In the Information Age, national security blends with economic security, and economic security increasingly depends on the "competitive intelligence" of business.

"The winners in tomorrow's world will not be those with the most information. They will be those with the most intelligence," writes Larry Kahaner, a journalist and licensed private investigator, in his book, Competifive Intelligence.

Kahaner urges companies to adopt the classic four-step intelligence cycle used by the U.S. Central Intelligence Agency and other national security organizations throughout the world: Set goals, obtain data, compare information from different sources and estimate possible future developments, then make sure the results are used in a timely fashion.

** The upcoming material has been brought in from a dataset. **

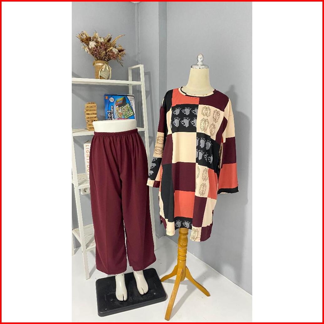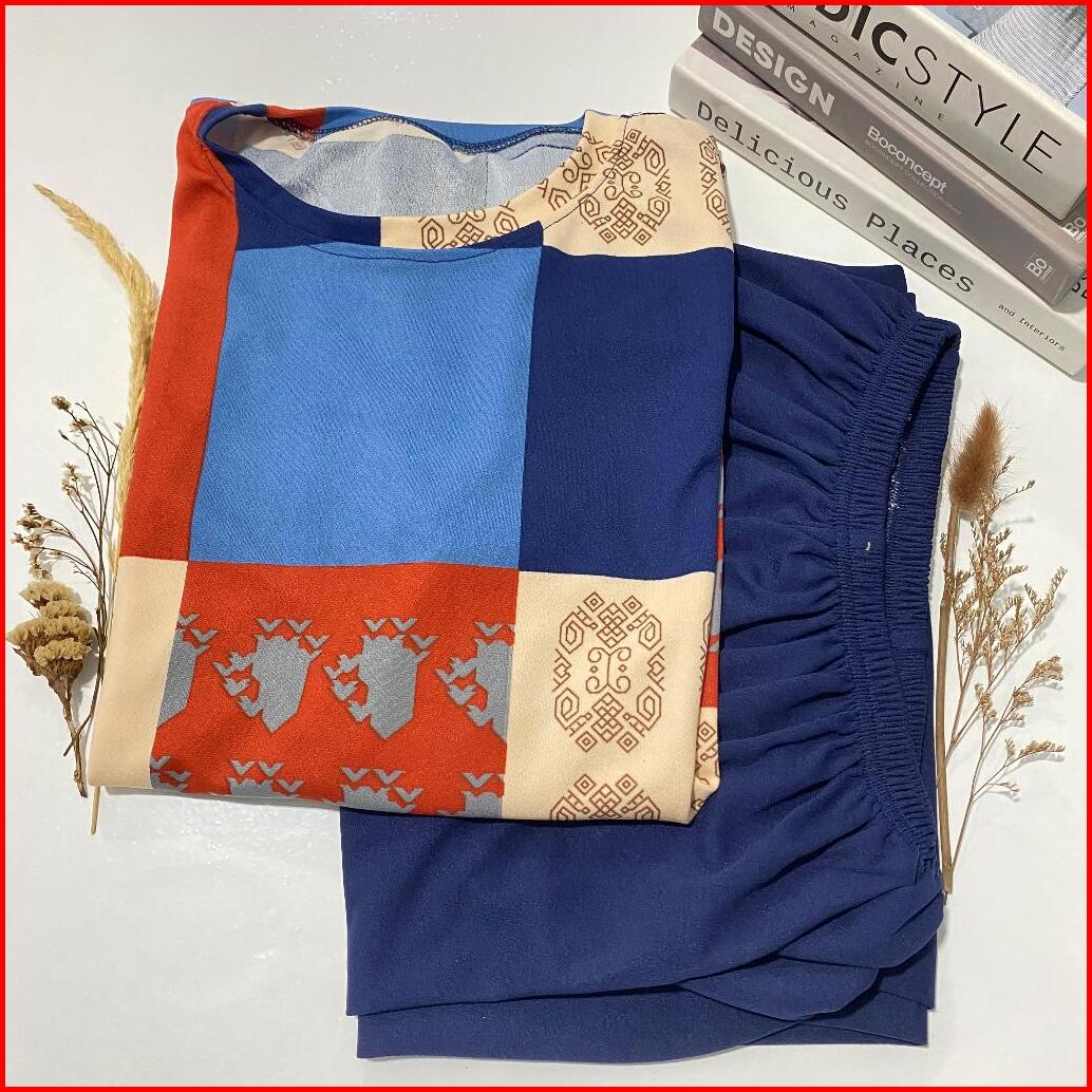 One Set Wanita Terbaru Fullprint Voxy Lengan 7 8 Setelan Wanita Atasan Dan Bawahan

While the CIA may not want to spy for businesses, the CIA's skills could be taught to U.S. business executives and in business schools, Kahaner suggests. But should the government be actively involved in competitive intelligence (CI) at all? Some governments routinely promote their nations' businesses, but others offer little support.

Competitive Intelligence Around the World

In the United States, a tradition of self-reliance keeps competitors from sharing information and discourages government involvement in commercial affairs. But in Sweden, both government and academia cooperate in competitive intelligence. Swedish embassies around the world regularly report to Swedish companies on economic trends abroad. Lund University in Stockholm boasts the world's first degree-granting graduate program in CI techniques.

The French government has been willing to collect competitive business information using methods considered unethical or downright illegal elsewhere. The CIA reports that French intelligence agents routinely travel around the United States, passing illegally obtained research and manufacturing data to scientists and engineers at home. Kahaner also notes an allegation that seats on Air France jets have been bugged by the French government.

In Russia, which is desperately trying to establish a viable free market economy, elements of the former KGB are now being used to gather economic information abroad. Former KGB agents are also reportedly available for hire to third countries for purposes of industrial espionage.

In the People's Republic of China, government-sponsored intelligence activities are aimed more and more at expanding Chinese companies' share of global markets. While China trails the United States, Great Britain, and Japan in using computers and electronic networks to find and distribute business information, Chinese CI operations have been very successful using seemingly non-Chinese joint ventures and holding companies to acquire high-tech equipment that could not be obtained legally.

Examples such as these convince Kahaner that the U.S. government should provide more competitive intelligence to business firms, train business people in how to collect and analyze CI material, and expand the role of civilian and military intelligence organizations to counter illegal spying by foreign governments and companies.